Pamela Spence Richards, Wayne A. Wiegand, and Marija Dalbella, eds. A History of Modern Librarianship: Constructing the Heritage of Western Culture. Santa Barbara, CA: Libraries Unlimited, 2015. 248p., notes, bibliographies, index. ISBN 9781610690997. US $60.00.
This broad study focuses on the history and development of librarianship and libraries in the nineteenth and twentieth centuries. Five scholars contribute a chapter each: about Europe; the United States and Canada; Africa; Australasia; and digital convergence. Originally conceived by Pamela Spence Richards, the project was revitalized by Wayne Wiegand. The primary audience is library and information science students and beginning historians of libraries across the globe.
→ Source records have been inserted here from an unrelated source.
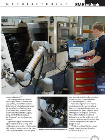 ever-increasing swathe of competitors hoping to usurp Universal Robots’ success in the years to come. “Several companies have tried to replicate our model and some have been more successful than others, but our volume and speed keeps us ahead of the pack,” Ostergaard concludes. “Our differentiator stems from a balance between the performance of the robot and the use of the robot. We want to make a tool that is easy for people to use. “And if we’re doing that then we’re edging closer to our overall goal to automate the world.”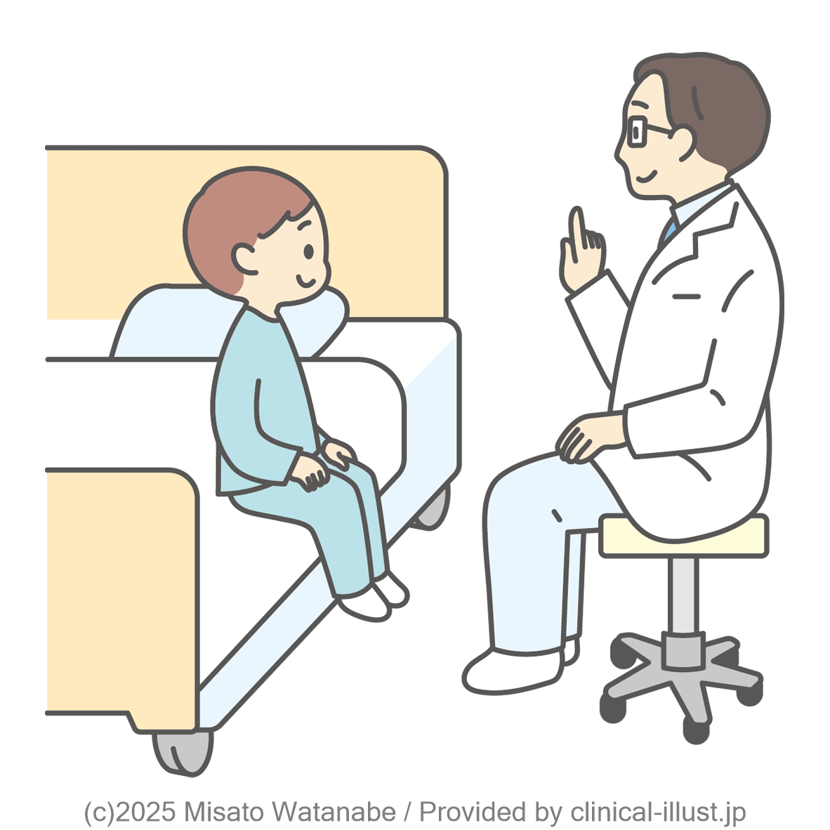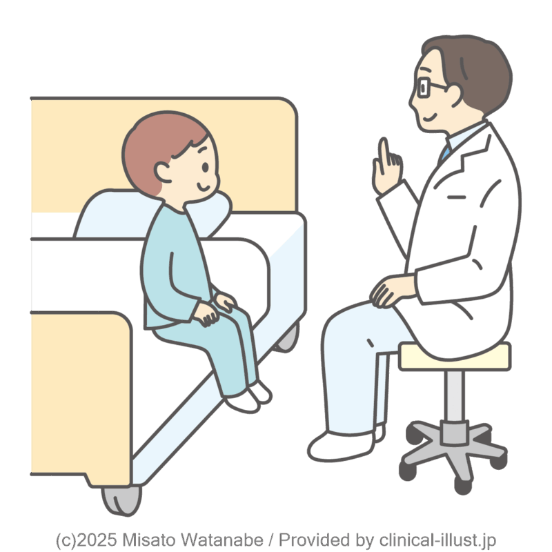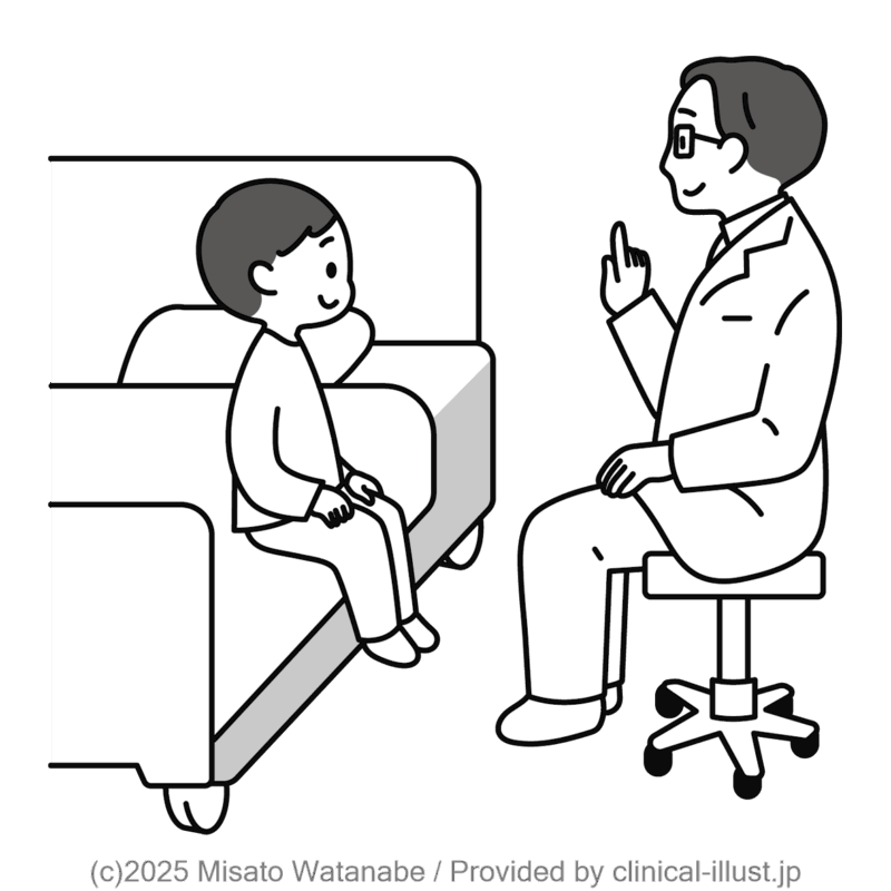 子どもと医師が病気や治療についてお話するイラストです。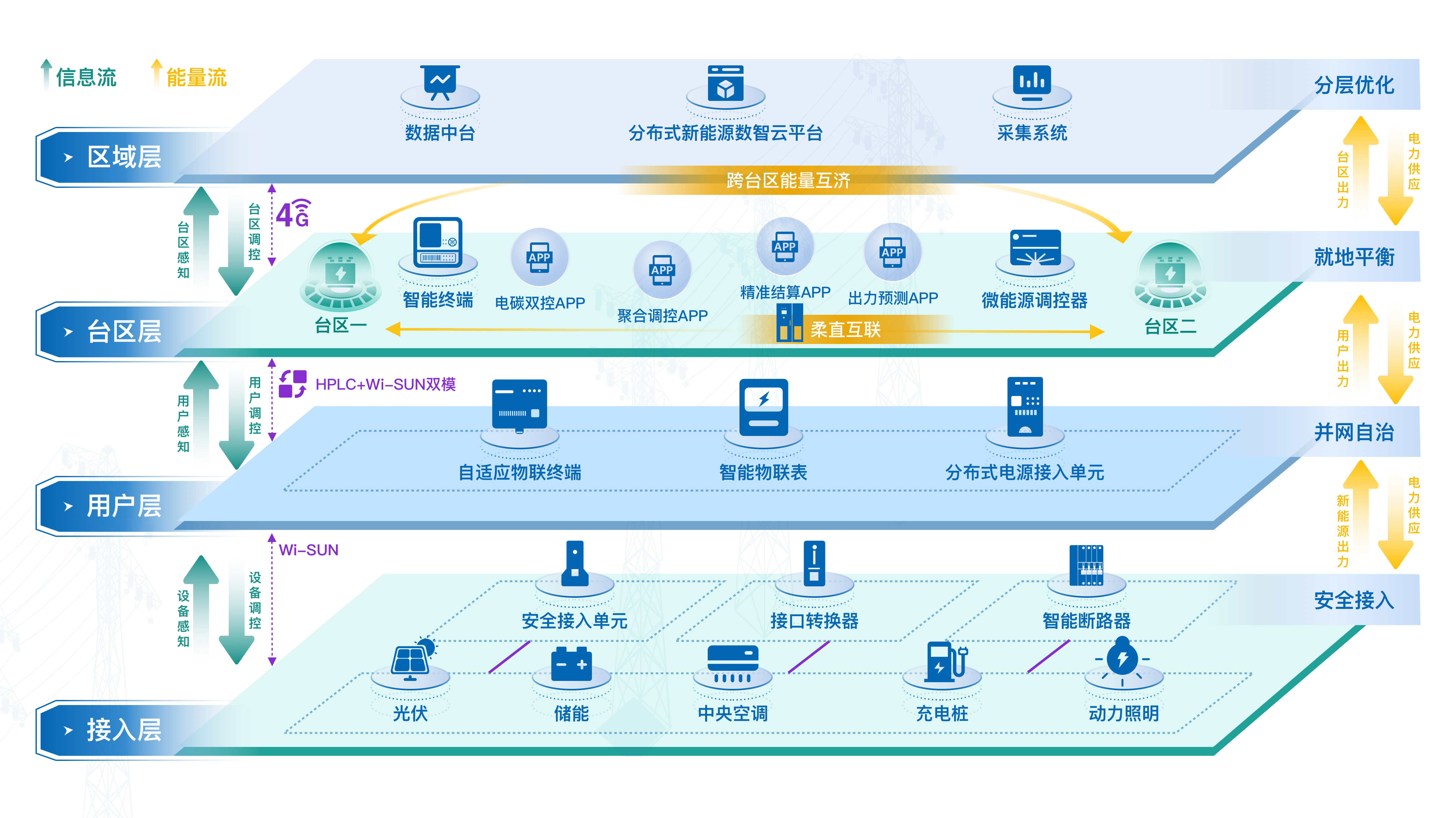 源荷平衡解决方案基于云管边端体系架构,全环节贯通信息流和能量流,实现光储充用协同管理。在云侧,建设分布式新能源数智管理平台,基于智能体及AI大模型技术实现光储充用异质资源融合接入及智能管理。在边侧,内嵌基于安全、经济、低碳运行的多模态就地化内外双循环调控与实时滚动优化策略,研发聚合调控、电碳双控等APP,支持多形态台区终端跨平台运行,提升多元负荷就地调控能力。在端侧,研发并应用多品类安全接入设备,支持差异化环境下的光储充用标准化接入,采用即插即用、快速组网的父子集群IP化的多跳网状网技术,实现数据安全高效传输。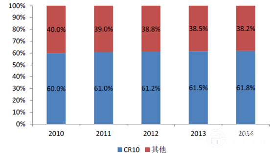 需要注意的是,整個(gè)行業(yè)在快速發(fā)展得同時(shí)也出現(xiàn)了營(yíng)收增速下滑,行業(yè)集中度提高的趨勢(shì)。行業(yè)營(yíng)收增速在2009年后明顯下滑的主要原因是業(yè)內(nèi)競(jìng)爭(zhēng)加劇。業(yè)內(nèi)主要上市公司2010年以來整體毛利率雖然基本保持在50%以上,但一直呈現(xiàn)下降趨勢(shì)。表明激烈的競(jìng)爭(zhēng)使價(jià)格戰(zhàn)日趨白熱化,而不斷蠶食毛利。同時(shí),激烈的競(jìng)爭(zhēng)使行業(yè)集中度迅速提升。“十二五”期間,行業(yè)主要的競(jìng)爭(zhēng)格局已經(jīng)基本確定,根據(jù)中國(guó)環(huán)境監(jiān)測(cè)總站的數(shù)據(jù),行業(yè)銷售收入前十的企業(yè)市場(chǎng)占有率一直保持在60%左右。行業(yè)內(nèi)基本形成寡頭局面,隨著這幾個(gè)大公司通過兼并收購戰(zhàn)略不斷擴(kuò)張,未來的市場(chǎng)份額集中度還將進(jìn)一步提高。由于行業(yè)本身所具有的高技術(shù)壁壘,未來行業(yè)內(nèi)的大公司將擁有更深的護(hù)城河。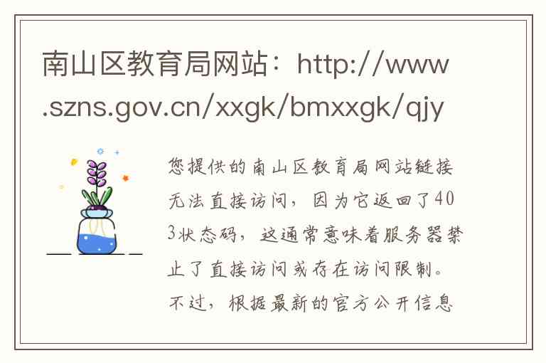 您提供的南山区教育局网站链接无法直接访问,因为它返回了403状态码,这通常意味着服务器禁止了直接访问或存在访问限制。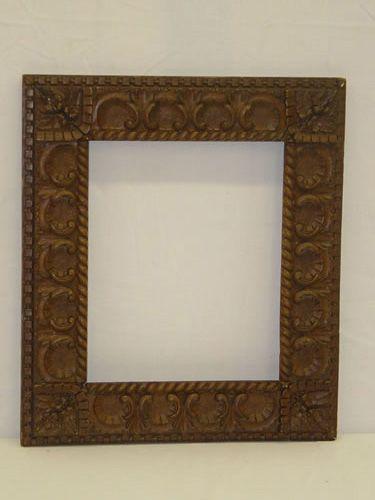 19TH CENT. CARVED OAK FRAME (17" X 15"-TOTAL MEASUREMENT, 11 5/8" X 9 5/8" SIGHT SIZE) - WEAR & IMPERFECTIONS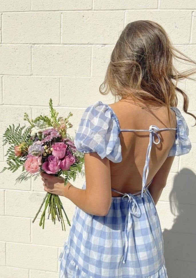 The Emes Shop dress is detailed with a slight v ineckline. lace trim. and puffed short sleeves. Features an open tying back. and ruffled skirt hem that falls at a mini length. Pair this perfect summer dress with a pair of western boots for a chic look.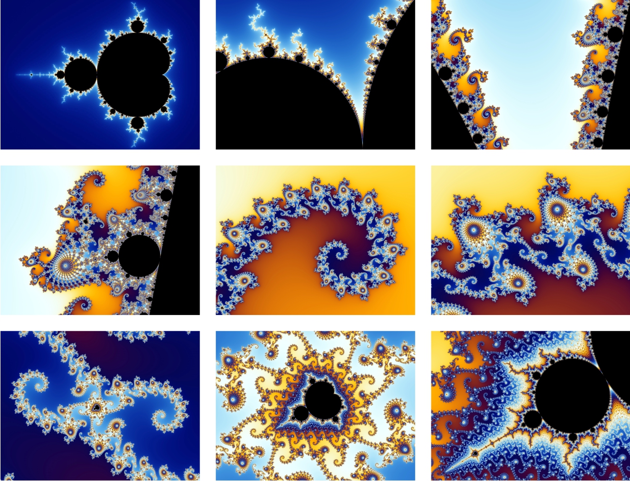 曼德尔布罗特集合的定义非常简单,但其产生的结构极为复杂,无论放大多少倍,都能发现它仍然包含着无限精细且自相似的细节,这也是分形图形最重要的特征。如果不借助计算机而仅凭人力,曼德尔布罗特集合几乎不可能被精确绘制。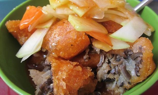 Bánh rán ăn kèm với nước chấm đu đủ thái lát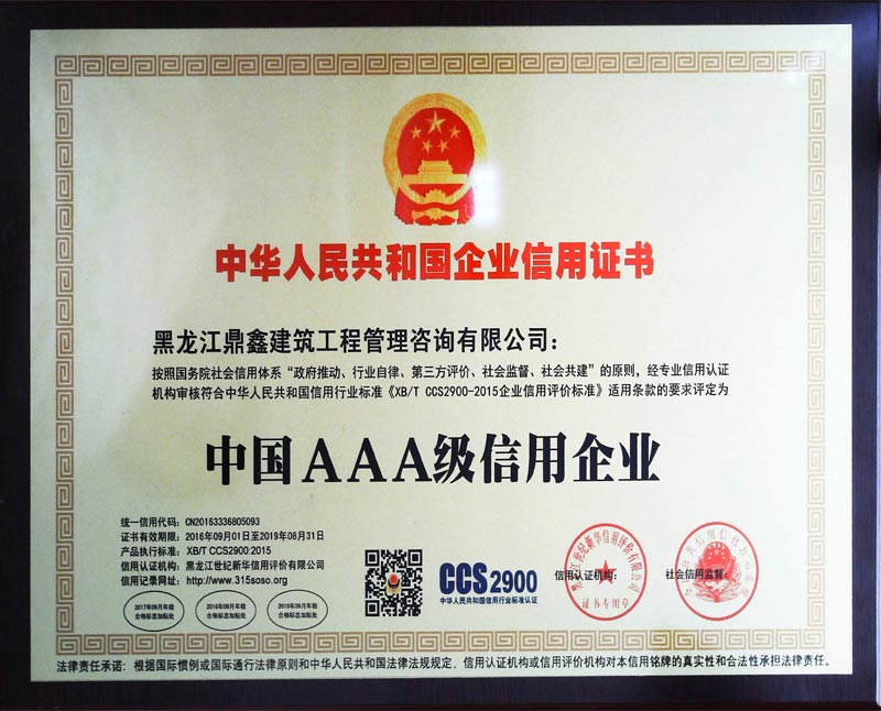 中國AAA級信用企業證書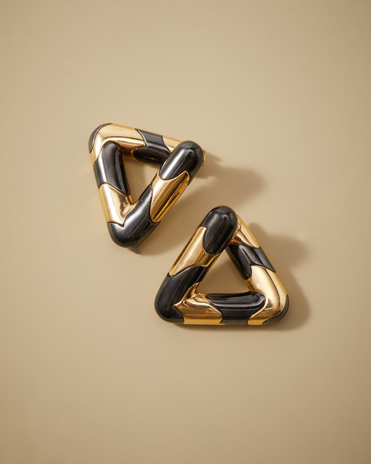 18k yellow gold and stainless steel. Measures 1 9/16 x ¾ in. Total weight: 66.70 grams. Stamped Marina B., 750, Metal, 1987, serial W931 MB.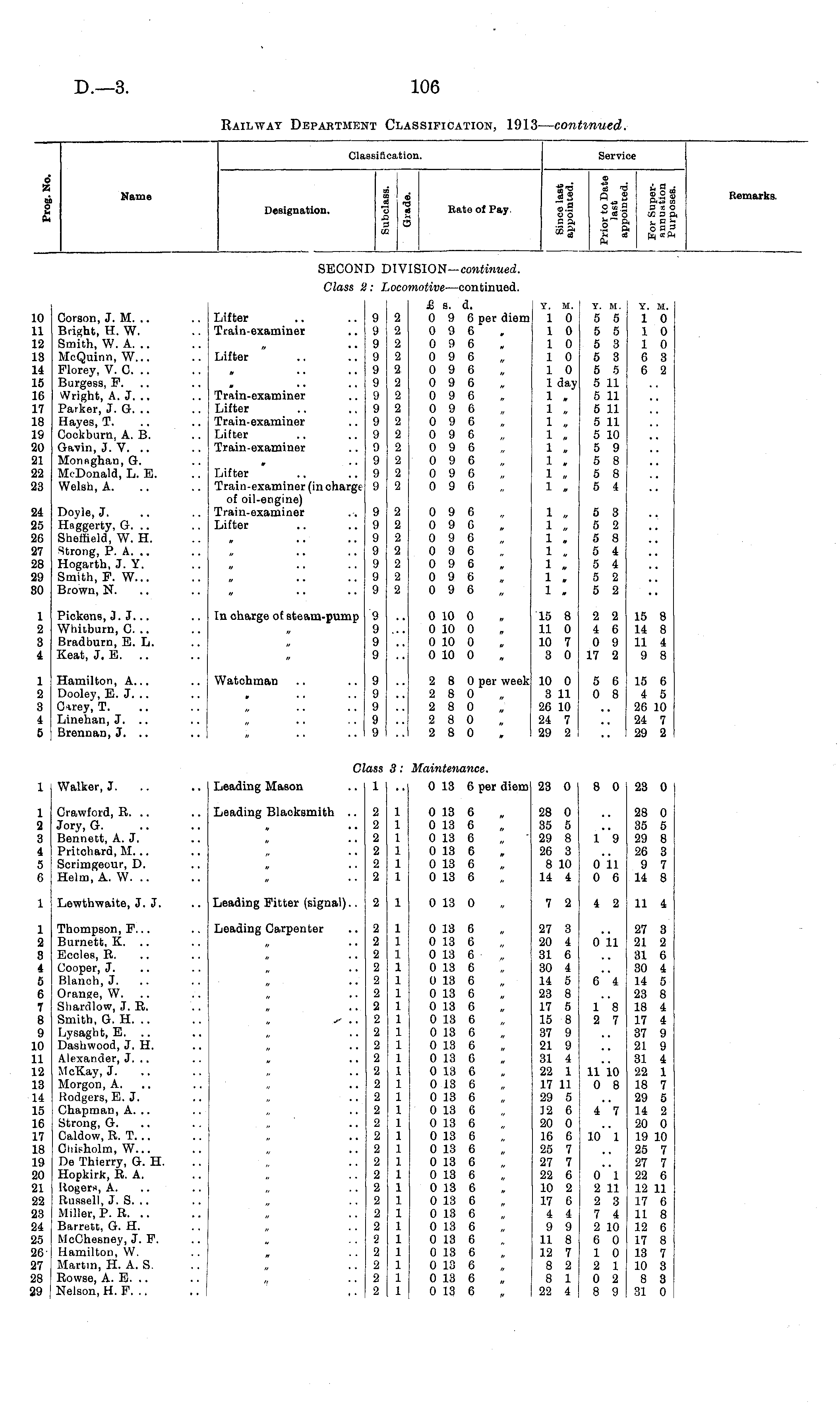 Classification, Service 6 •A I Name Designation. cj ti ■g <3 Ol to id 73 34 O , ed 2 Q 2 S 2 © © .5 o Io a 3 x o ©o ** d o Ol g Ot a a k~ a t oj S a .2 ft Sao m cd 3, cd ft cc ft ft w Remarks. Rate of Pay SECON D DIVISION— continued. )IV Class k 1: Locomotive —continued. :0C0' 10 11 12 13 14 15 16 17 18 19 20 21 22 23 Corson, J. M. .. Bright, H. W. Smith, W. A. .. McQuinn, W... Florey, V. O. Burgess, F. Wright, A. J. .. Parker, J. G. .. Hayes, T. Cockburn, A. B. Gavin, J. V. Monnghan, G. McDonald, L. E. Welsh, A. Lifter Train-examiner Lifter Train-examiner Lifter Train-examiner Lifter Train-examiner £ s. d. 9 2 0 9 6 per diem 9 2 0 9 6 9 2 0 9 6 9 2 0 9 6 9 2 0 9 6 9 2 0 9 6 9 2 0 9 6 9 2 0 9 6 9 2 0 9 6 9 2 0 9 6 9 2 0 9 6 9 2 0 9 6 9 2 0 9 6 9 2 0 9 6 2 2 2 2 2 2 2 2 2 2 2 2 2 2 Y. M. 1 0 1 0 1 0 1 0 1 0 1 day 1 . 1 „ 1 . 1 . 1 . 1 . 1 , 1 . Y. SI. 5 5 5 5 5 3 5 3 5 5 5 11 5 11 5 11 5 11 5 10 5 9 5 8 5 8 5 4 Y. St. 1 0 1 0 1 0 6 3 6 2 24 25 26 27 28 29 30 Doyle, J. Haggerty, G. .. Sheffield, W. H. Strong, P. A. Hogarth, J. Y. Smith, F. W... Brown, N. Lifter Train-examiner (in charge of oil-engine) Train-examiner Lifter 9 2 0 9 6 9 2 0 9 0 9 2 0 9 6 9 2 0 9 6 9 2 0 9 6 9 2 0 9 6 9 2 0 9 6 2 2 2 2 2 2 2 1 „ 1 „ 1 . 1 „ 1 . 1 . 1 . 5 3 5 2 5 8 5 4 5 4 5 2 5 2 1 2 3 4 Pickens, J.J... Whitburn, O. .. Bradburn, E. L. Keat, J. E. In charge of steam-pump 9 .. 0 10 0 9 ... 0 10 0 9 .. 0 10 0 9 .. 0 10 0 15 8 11 0 10 7 3 0 2 2 4 6 0 9 17 2 15 8 14 8 11 4 9 8 1 2 3 4 5 Hamilton, A... Dooley, E. J. .. 0«ey, T. Linehan, J. .. Brennan, J. .. Watchman 9 .. 2 8 0 per week 9 .. 2 8 0 9 .. 2 8 0 9 .. 2 8 0 9 .. 2 8 0 10 0 3 11 26 10 24 7 29 2 5 6 0 8 15 6 4 5 26 10 24 7 29 2 Walker, J. CI lass 3: Maintenance. 23 0 8 0 23 0 1 Leading Mason 1 .. 0 13 6 per diem 1 2 3 4 5 6 Crawford, R. .. Jory, G. Bennett, A. J. Pritchard, M... Scrimgeour, D. Helm, A. W. .. Leading Blacksmith .. 2 1 0 13 6 2 1 0 13 6 2 1 0 13 6 „ ' 2 1 0 13 6 2 1 0 13 6 2 1 0 13 6 28 0 35 5 29 8 26 3 8 10 14 4 1*9 28 0 35 5 29 8 26 3 9 7 14 8 oil 0 6 1 Lewthwaite, J. J. Leading Fitter (signal).. 2 1 0 13 0 7 2 4 2 11 4 1 2 3 4 5 6 7 8 9 10 11 12 13 14 15 16 17 18 19 20 21 22 23 24 25 26 27 28 29 Thompson, F... Burnett, K. .. Eccles, R. Cooper, J. Blanoh, J. Orange, W. Shardlow, J. R. Smith, G. H. .. Lysaght, E. Dasbwood, J. H. Alexander, J. .. McKay, J. Morgon, A. Rodgers, E. J. Chapman, A. .. Strong, G. Caldow, R. T... Cuisholm, W... De Thierry, G. H. Hopkirk, R. A. Rogers, A. Russell, J. S. .. Miller, P. R. Barrett, G. H. McChesney, J. F. Hamilton, W. Martin, H. A. S. Rowse, A. E. Nelson, H. F. .. Leading Carpenter „ s .. 2 1 0 13 6 2 1 0 13 6 2 1 0 13 6 „ 2 1 0 13 6 2 1 0 13 6 2 1 0 13 6 2 1 0 13 6 2 1 0 13 6 2 1 0 13 6 2 1 0 13 6 2 1 0 13 6 2 1 0 13 6 2 1 0 13 6 2 1 0 13 6 2 1 0 13 6 2 1 0 13 6 2 1 0 13 6 2 1 0 13 6 2 1 0 13 6 2 1 0 13 6 2 1 0 13 6 2 1 0 13 6 2 1 0 13 6 2 1 0 13 6 2 1 0 13 6 2 1 0 13 6 2 1 0 13 6 2 1 0 13 6 2 1 0 13 6 27 3 20 4 31 6 30 4 14 5 23 8 17 5 15 8 37 9 21 9 31 4 22 1 17 11 29 5 12 6 20 0 16 6 25 7 27 7 22 6 10 2 17 6 4 4 9 9 11 8 12 7 8 2 8 1 22 4 oil 6 - 4 1 *8 2 7 11 io 0 8 4"7 27 3 21 2 31 6 30 4 14 5 23 8 18 4 17 4 37 9 21 9 31 4 22 1 18 7 29 5 14 2 20 0 19 10 25 7 27 7 22 6 12 11 17 6 11 8 12 6 17 8 13 7 10 3 8 3 31 0 10 "l 0 1 2 11 2 3 7 4 2 10 6 0 1 0 2 1 0 2 8 9

The book covers three major ‘evolutionary changes’ within the profession [xvi]: (1) How librarianship evolved to serve an urbanized, industrialized society in the nineteenth century; (2) the Anglo-American hegemony that spread from England and America to continental Europe, Russia, and the rest of the world, most especially upon librarians in Australasia and Africa; (3) the shift to providing information through high-tech tools, digitization, and the Internet.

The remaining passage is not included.